Madelaine aims her technology will prevent potential intimate image abusers non-consensually.

A Unique Journey

Madelaine has been practicing as a professional dominatrix, mainly online, for a decade and consistently found her work empowering and fulfilling. "I am as a woman in control, a woman who is confident and powerful, offering my body as a treat to someone because I wish to," she described.
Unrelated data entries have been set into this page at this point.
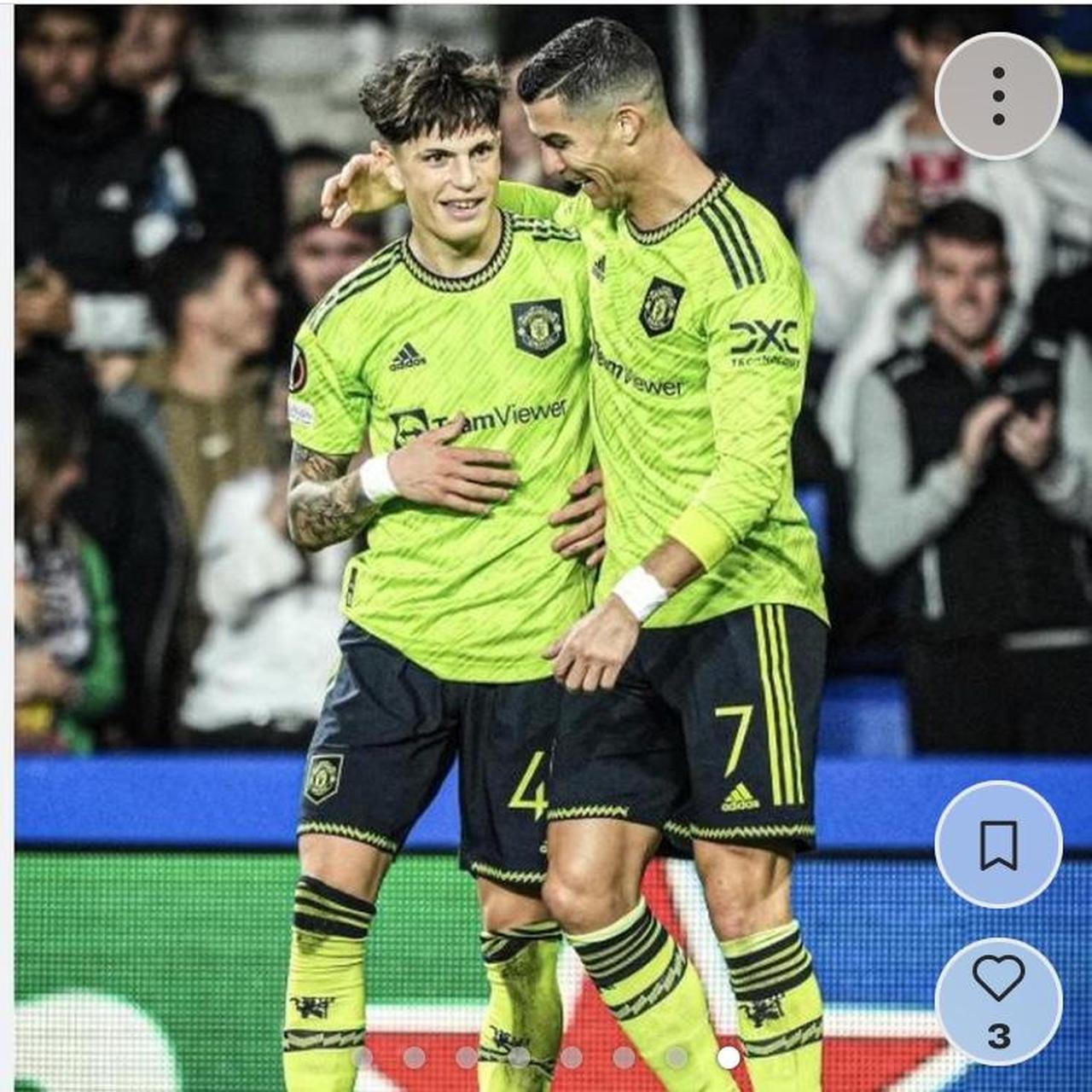This shirt is an official and genuine Manchester United third football shirt for the 2022/23 season. It is labeled as a size adult Medium, with a chest measurement of 20 inches and a length of 28 inches. The shirt is in excellent condition, with immaculate prints. It features Garnacho's official Premier League number 49 on the back, as worn by him during the season for Man Utd.
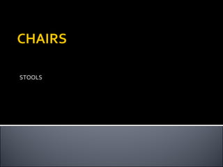The document describes different types of stools from various historical periods and regions including Egyptian, Roman, Italian, English, and 16th century styles. The stools range from basic foldable wood stools to ornate thrones made of wood like walnut and mahogany with designs featuring gold, fabrics, carvings, and enlayed features depicting animals and fleur patterns.
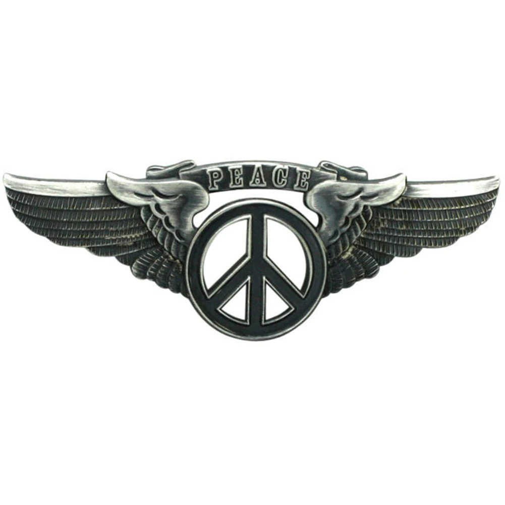 Die Cut Large Winged Peace Banner & Symbol Black Enamel Filled Rockwings Pin Badge (3 Inches)
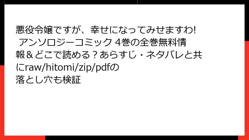 悪役令嬢ですが、幸せになってみせますわ! アンソロジーコミック 4巻を海賊版サイトで読むリスク
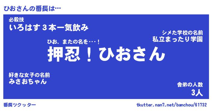 | ヘコむあだ名 | 『ひおにゅー』『なまこ酢』『ひおお』 |
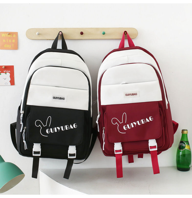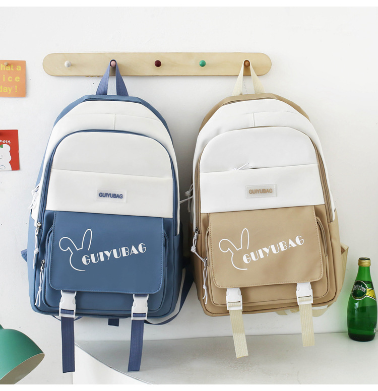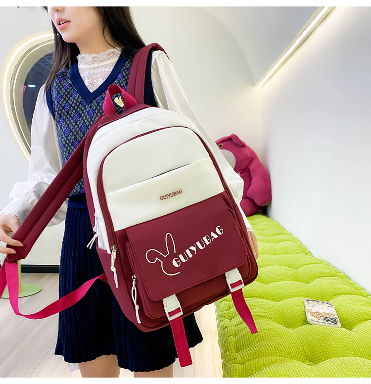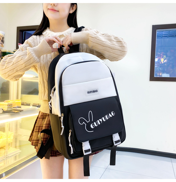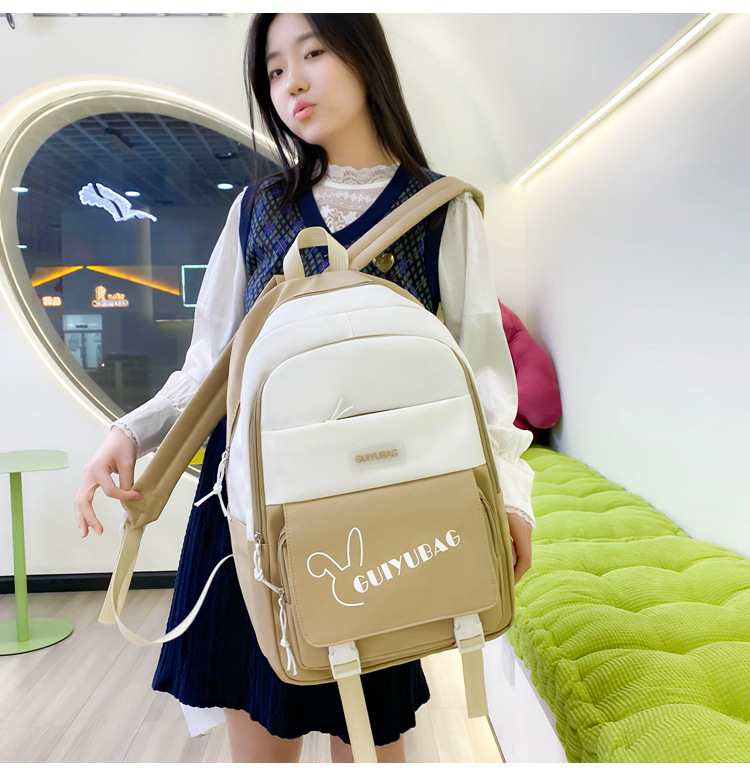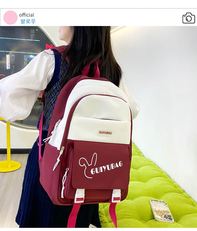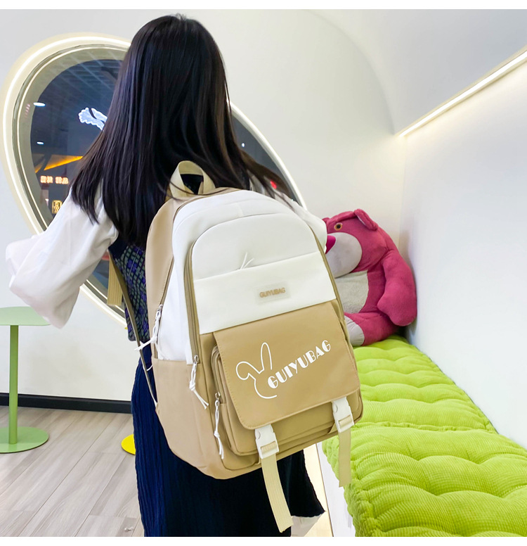 2025 新しいバックパック女性の小中学生スクールバッグ韓国語版多層大容量コントラストカラー軽量バックパックカバーバッグ
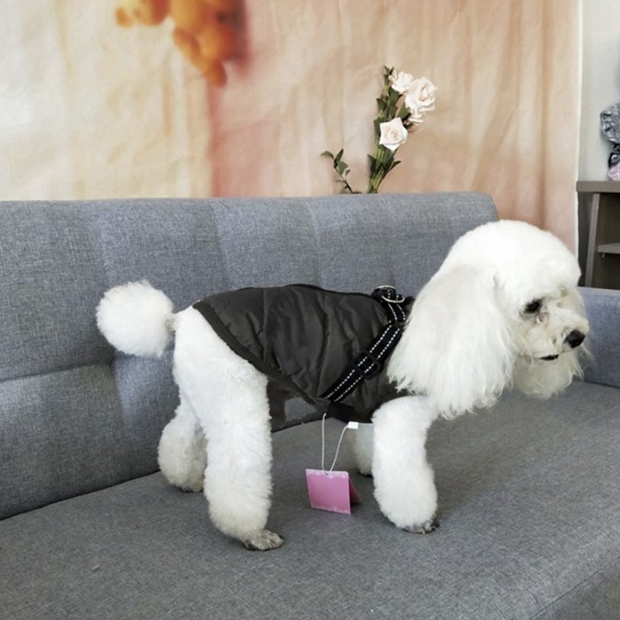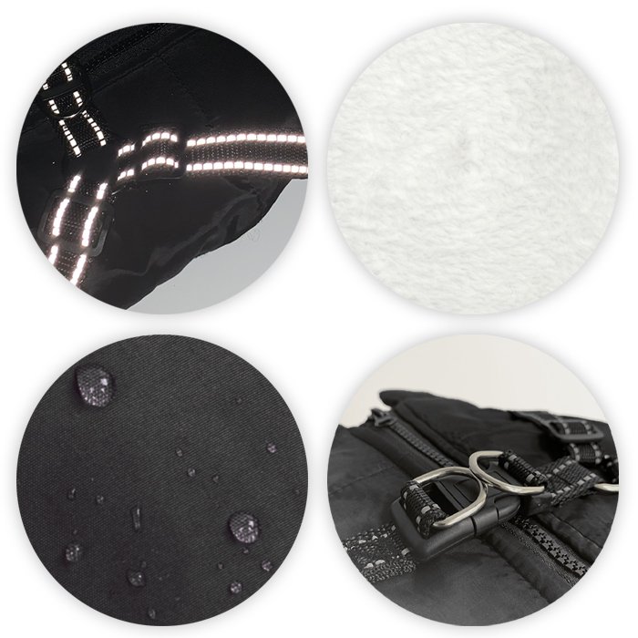 Konštrukcia postroja na zadnej strane je reflexná a nastaviteľná, môžete ho pripojiť k rôznym vodítkam pre psov. Nemusíte kupovať samostatne kabáty a podbradníky, pretože náš psí kabát poskytuje oboje. Napriek dobre zakrytej srsti nebude psom prekážať, keď si budú chcieť uľaviť a vykonať potrebu.
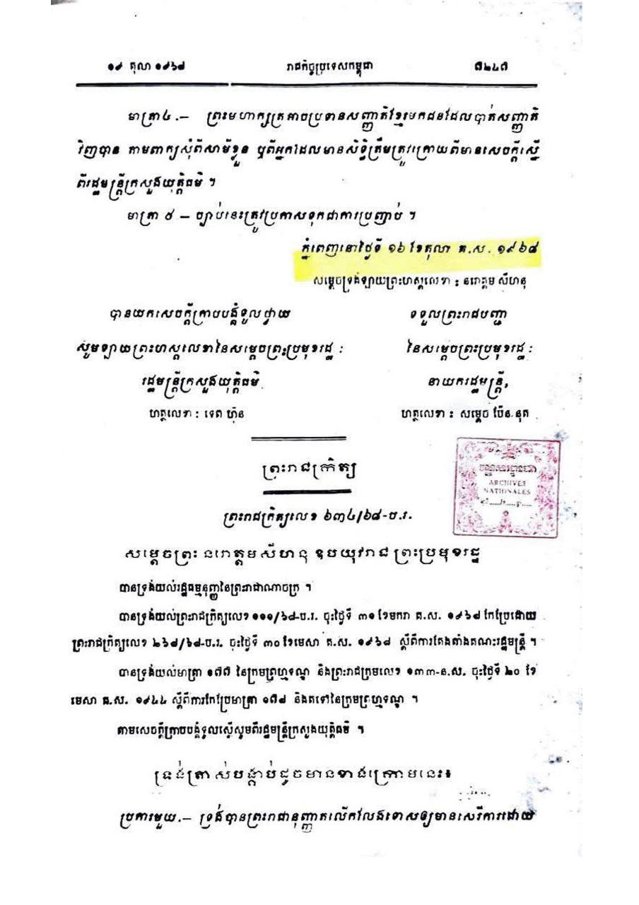 ទី១៖ ព្រះរាជក្រមដែលប្រកាសឲ្យប្រើច្បាប់ស្តីពីការបាត់សញ្ជាតិខ្មែរ ថ្ងៃទី១៦ ខែតុលា ឆ្នាំ១៩៦៨
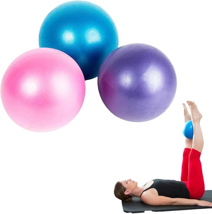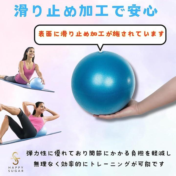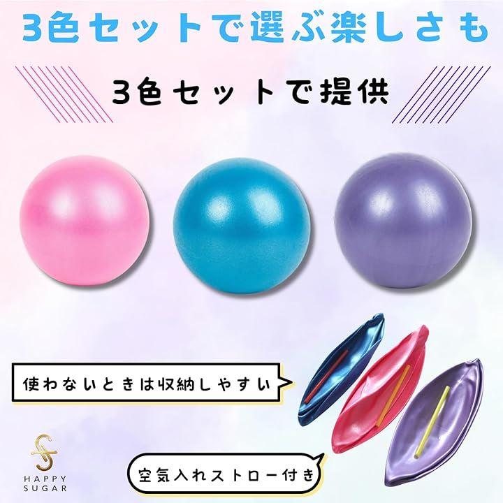 「商品詳細」ヨガボール ミニ:3個 カラー:ピンク, ブルー, パープル(各色1個ずつ) サイズ:20cm-25cm 重量:100g / 個 材質:PVC 最大耐荷重:約85kg 付属:空気入れ用ストロー

"Some believe it's strange but I view it similarly to a personal trainer or an financial advisor giving advice," she remarked.

She welcomes being a unique figure in the world of tech. "I know that it's unconventional, it's remarkable to think that someone who was a dominatrix is now a creator of a technology firm, but it took someone who has been through it to know the loopholes and the changes that were necessary," she stated.

She insisted she was not technically inclined and was able to build her company after a lot of sleepless nights, investigation and "consulting experts" who know about tech.

Understanding the Tech Solution

Image Angel can be implemented on any online platform where people share images, for instance social connection apps, social networks and websites.

When an image is viewed by a user, it is automatically embedded with an undetectable digital marker which is unique to them.

This covert marker is embedded into the copy of the image itself and can withstand screen shots, being altered and being photographed with a secondary device.

It means that if you find out your image has been circulated non-consensually, providing the service you used has the technology embedded, the sharer's information will be hidden within the image and can be extracted by a forensic expert so action can be taken.

To date, one platform has implemented her tech and she's in talks with several more.

An Established Method for a New Purpose

"The system already exists in the film industry, it already exists in live television so this is not an untested concept, it's just a novel use and a new system," said Madelaine.

"We have validated it, we're partnering with a company that has decades of expertise in tech development so we are confident that this is solid and what we now need to do is test it at scale," she added.

She said she hoped the technology would also act as a preventive measure to potential perpetrators.

Removing Stigma, Shifting Blame

An expert from a support service said she had seen first-hand the trauma and guilt this abuse caused for victims.

"When that guilt is reinforced by a misinformed friend or professional who says 'well, why did you take those images in the first place?' that guilt can really be reinforced so it's crucial that the response a victim receives is that they have committed no error," she emphasized.

She added it was fantastic that Madelaine was leveraging her ordeal to create solutions, saying: "It is vital to have this comprehensive strategy towards addressing tech facilitated abuse, because no one tool is going to be able to tackle this alone, no one helpline, it needs to be this multi-layered response."

Both women have been victims of having their intimate images distributed non-consensually.
Madelaine Thomas and TV presenter Jess Davies have been victims of having their intimate images distributed without their consent.

TV presenter Jess Davies was just 15 when images of her in a state of undress were shared around her town. It was the beginning of multiple violations Jess endured in her teens and 20s that would later inform her women's rights campaigning.

"It took so long, too long for someone to tell me, 'it wasn't your fault' and 'that shouldn't have happened'," said Jess.

She too is passionate about eliminating the shame of intimate image abuse from the victims to the perpetrators. "It isn't a crime to consensually send an image to someone," said Jess.

"However, it is illegal to distribute that without consent and I think that should invariably be where the responsibility is," she affirmed.

Johnny Olson
Johnny Olson

A senior software architect with over 15 years of experience in cloud computing and agile methodologies, passionate about mentoring developers.